DPGA’s work spans standard-setting, a global registry of vetted digital public goods, and flagship convenings that routinely draw a high-level, institutional audience spanning organisations such as the Inter-American Development Bank, the Asian Development Bank, UNDP, UNICEF, and the World Bank, alongside government ministries and delegations from member countries.
-
As an independent consultant, I lead content strategy for the Annual Members Meeting 2025 and the 50-in-5 Awards at the UN General Assembly 81, translating technical and policy-driven material such as DPI implementation, open-source standards, and multi-country commitments into content built for two very different audiences at once: the specialists in the room, and the broader public watching four-minute videos with no prior context. This messaging work shapes how DPGA's achievements get framed for an audience that includes government ministers and heads of major development institutions, alongside the DPG product owner community.

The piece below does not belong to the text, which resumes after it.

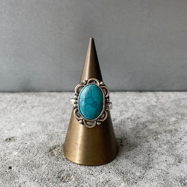 Retro natural stone turquoise hand made ring レトロ アクセサリー 天然石 ターコイズ ハンドメイド リング 指輪

For the Annual Members Meeting, this means stories that capture discussions and set up future collaboration between member states and organisations. For UNGA 81, I’m producing video narratives highlighting the progress of 50-in-5 member countries, built specifically for presentation in an UNGA side-event setting.
-
The core challenge of communications work for DPGA is translation with clear narratives: a technical, standards-driven initiative needs to be legible and memorable to government officials, development bank leadership, and the public. This kind of storytelling goes beyond awareness. It’s the difference between a minister seeing DPG as an abstract technical standard versus a concrete investment worth making.
These contents get repurposed on LinkedIn and other public channels, and resurface at DPGA's other convenings throughout the year, events like UN Open Source Week and 50-in-5 Milestones. Repeating these narratives is often the on-ramp for real policy decisions: whether a country joins DPGA, pursues DPG certification, or chooses an open, collaborative DPI approach.
-
Narratives produced for AMM 2025 and UNGA 81 help shape what comes next, feeding into DPGA's priorities for 2026, which include deepening DPG sustainability so countries can adopt, adapt, contribute to, and maintain digital public goods for the long term, accelerating climate action through the forthcoming Climate DPG Collection, advancing public-interest AI, and exploring public-interest platforms that foster safety and trust online. The work reinforces DPGA’s agenda for the year ahead.